The day before Hu’s visit to Beijing’s poor, the minimum wage in the capital—the de-facto basic salary for millions of migrant workers—was suddenly lifted by 20 percent to 1,160 yuan ($US172) a month. The move was aimed at placating discontent, but will have little impact.

 

The average minimum wage paid to the 200 million migrant workers across China is around 1,500 yuan. A Hong Kong Polytechnic University professor Pun Ngai warned that even if workers’ wages were lifted by as much as 30 percent, “it is not enough for them to make a living in the cities”. Pun predicted that more intense labour unrest and strikes would occur in 2011.

 

Little in the way of wage rises can or will be made. Beijing’s response to inflation has been to tighten the supply of credit and increase interest rates over the past two months, thereby slowing economic growth. At the same time, the ongoing turmoil in Europe—China’s largest export market—and weak consumer demand in the US mean that the country’s manufacturing sector is struggling with overcapacity.
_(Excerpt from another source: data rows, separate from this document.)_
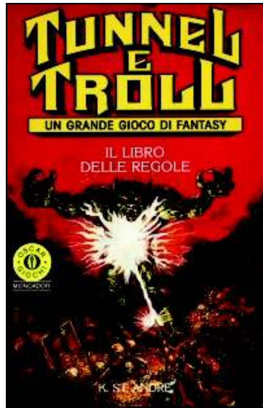
L'edizione italiana di Tunnel & Troll , uno dei giochi di ruolo in italiano più rari da trovare

Allo stato attuale, i nostri progetti sono concentrati sulla realizzazione di materiale originale per alcuni dei grandi classici del mondo dei giochi di ruolo, Dungeons & Dragons Classico e Tunnels & Trolls su tutti.
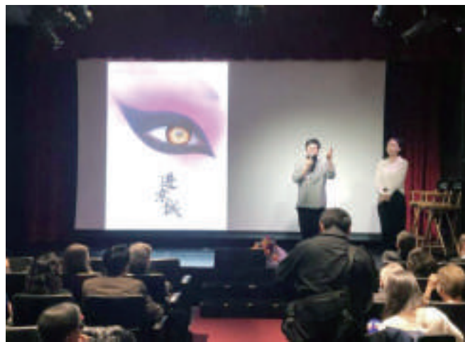
胡玫导演在纽约放映现场讲述影片拍摄幕后的故事
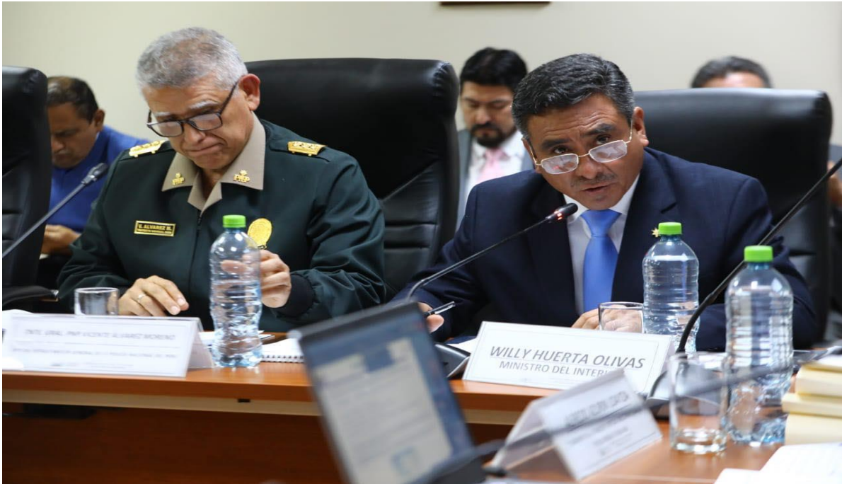
DÉCIMO SÉPTIMA SESIÓN ORDINARIA (18.10.2022) SEÑOR WILLY HUERTA OLIVAS, MINISTRO DEL INTERIOR

“Decenio de Igualdad de oportunidad para mujeres y hombres” “Año de la unidad, la paz y el desarrollo”

Liu Mingkang, chairman of the China Banking Regulatory Commission, warned in December that “there is overcapacity for most industrial goods in the Chinese market and it’s impossible for upstream inflation to be transmitted downstream.”

 

In other words, manufacturers are unable to pass on higher costs in the form of higher prices, thus leaving them little room to grant wage rises to workers whose living standards are being eroded by inflation.

 

Behind the rhetoric of Premier Wen and President Hu, and their public display of concern for the plight of ordinary people, lies their growing fear that the regime is on a collision course with the working class.